The Schooldays of Jesus
- First edition
- Author: J. M. Coetzee
- Language: English
- Genre: Fiction
- Publisher: Text Publishing (Australia); Harvill Secker (UK)
- Publication date: February 2016 (Australia); 18 August 2016 (UK)
- Media type: Print (Hardback)
- ISBN: 9781911215356
- OCLC: 959234400
- Preceded by: The Childhood of Jesus
- Followed by: The Death of Jesus

= The Schooldays of Jesus =

2016 novel by J. M. Coetzee

The Schooldays of Jesus is a 2016 novel by J. M. Coetzee. In July 2016, it was longlisted for the 2016 Man Booker Prize.

==Background and publication==
It is Coetzee's 13th novel and is a sequel to the 2013 novel The Childhood of Jesus. It was published in Australia in February 2016 and in the UK in August 2016.

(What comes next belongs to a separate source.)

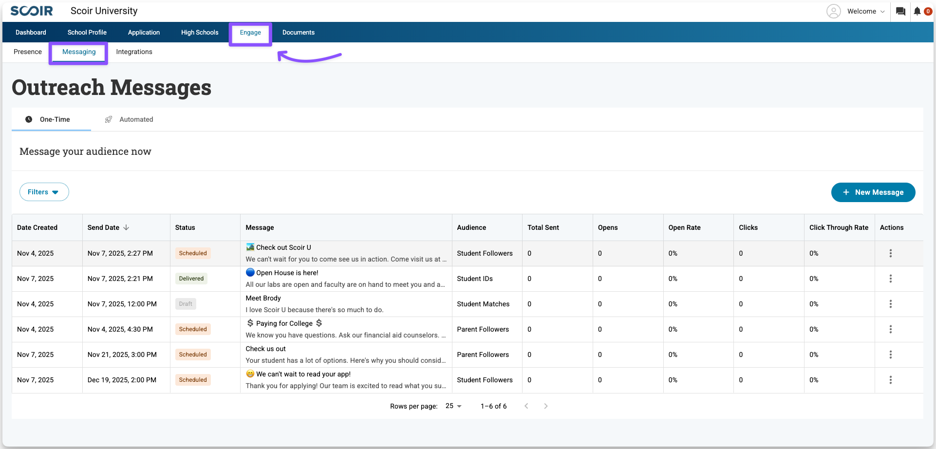 - From your Scoir account, go to Engage > Messaging. This is where you’ll create, schedule, and manage all of your Outreach Messages.

It was also published in Spanish translation, partly because it relates to Coetzee's interest in Argentine literature and resisting what he calls the "hegemony of the English language", and Chinese, and in ebook, audiobook, and Braille editions.

==Synopsis==
It resumes the story of a young boy named David, who appears in The Childhood of Jesus, who is brought up in a foreign land.